Shu’s nuclear power device is called a “two-fluid molten salt reactor.” The full details are in the patent, but the basic idea is this: The first batch of molten salt is full of a thorium compound, which eventually decays into uranium as neutrons bombard the mixture. That uranium goes into the second batch of molten salt and circulates into the reactor’s graphite-filled core.

There, it encounters slowed-down neutrons, which kick off a fission chain reaction—that’s the energy-producing part. The first batch of salt then absorbs the heat from the reactions, cooling the system. (In typical nuclear reactors, water does the cooling.)

This system is self-regulating: If the reactions happen too fast and the reactor gets too hot, the salt naturally expands out of the core, which cools it off—think transferring hot coffee from a tiny cup to a cookie sheet (don’t ask questions). That makes the reactor pretty meltdown-proof.

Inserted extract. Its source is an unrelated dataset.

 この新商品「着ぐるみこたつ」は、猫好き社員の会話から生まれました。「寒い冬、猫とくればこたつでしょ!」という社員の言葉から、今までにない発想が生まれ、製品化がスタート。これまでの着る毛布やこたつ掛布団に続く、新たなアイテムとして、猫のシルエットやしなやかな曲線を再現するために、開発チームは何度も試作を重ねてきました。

That’s great for Mars, obviously—any energy supply on a newly-formed colony is going to have to be pretty foolproof. Not worth setting up a trillion-dollar settlement if your reactor gives everyone radiation poisoning (at least not before the sun does, anyway). Plus, the planet has plentiful thorium, and nuclear power doesn’t care if dust storms dot out the Sun for months at a time (solar panels, on the other hand, care very much). That’s why Shu hopes NASA will back the R&D for his reactors.

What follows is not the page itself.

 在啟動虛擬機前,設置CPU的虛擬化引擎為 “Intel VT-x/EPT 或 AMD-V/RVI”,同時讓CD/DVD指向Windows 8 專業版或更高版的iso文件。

It’s also great for Earth. While Shu’s specific design is novel, the idea comes from the 1960s, when Oak Ridge National Laboratory made a molten salt reactor. The World Nuclear Association calls them “a promising technology today,” and China and India are sinking effort into their own designs. That hasn’t happened yet, though—which is where Shu’s plan comes in.

Any new technology must prove that it has the potential to scale safely, while outcompeting other established options. That takes time, and money—time and money that a Mars-tech development plan can provide.